Optional pre-built :class:httpx.Client. When None the provider owns the lifecycle and closes the session in :meth:close.

None
rpm int

Requests-per-minute ceiling for the token bucket. Defaults to the Polygon Starter tier limit of 100.

_STARTER_RPM
Source code in src/markowitz/data_providers/polygon.py
def __init__(
    self,
    api_key: str | None = None,
    session: httpx.Client | None = None,
    rpm: int = _STARTER_RPM,
) -> None:
    self._api_key = api_key or os.environ.get("POLYGON_API_KEY", "")
    if not self._api_key:
        raise PolygonAuthError(
            "POLYGON_API_KEY is required to instantiate PolygonProvider"
        )
    self._owns_session = session is None
    self._session = session or httpx.Client(timeout=_HTTP_TIMEOUT)
    self._bucket = _TokenBucket(rpm=rpm)

get_eod(ticker: str, start: date, end: date) -> pd.DataFrame

Return daily OHLCV for ticker in the inclusive window [start, end].

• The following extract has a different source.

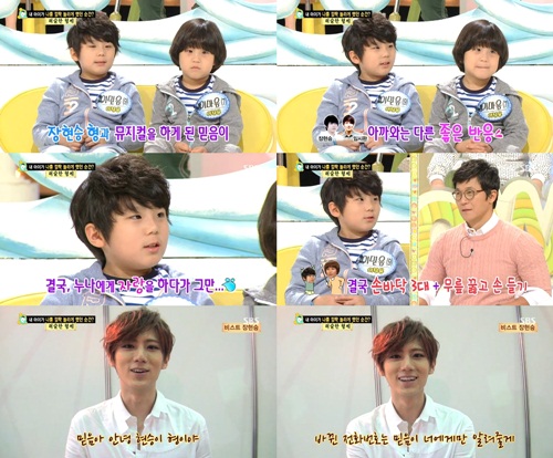 On April 27th episode f SBS 'Star Junior Show BungOhBbang', actor Lee Jung Yong revealed a story, "My son Mid Eum and I are so mischievous but I was shocked when he gave out B2ST Jang Hyunseung's personal number to a noona in the neighborhood. I don't know what to do and I scolded him alot."

Output is TitleCase (Open/High/Low/Close/Volume) with a tz-naive :class:~pandas.DatetimeIndex named Date. Close is split- and dividend-adjusted (Polygon adjusted=true).

Source code in src/markowitz/data_providers/polygon.py
def get_eod(self, ticker: str, start: date, end: date) -> pd.DataFrame:
    """Return daily OHLCV for ``ticker`` in the inclusive window ``[start, end]``.

    Output is TitleCase (Open/High/Low/Close/Volume) with a tz-naive
    :class:`~pandas.DatetimeIndex` named ``Date``. Close is split- and
    dividend-adjusted (Polygon ``adjusted=true``).
    """
    ticker = ticker.strip().upper()
    if start > end:
        raise ValueError(f"start ({start}) must be <= end ({end})")
    return self._fetch_aggs(ticker, start, end)

get_grouped_daily(date_: date) -> pd.DataFrame

Grouped-daily snapshot of every actively-traded US stock on date_.

Index is the ticker symbol; columns are TitleCase OHLCV. Used by the S&P 500 universe builder to know which symbols actually traded on a given historical date.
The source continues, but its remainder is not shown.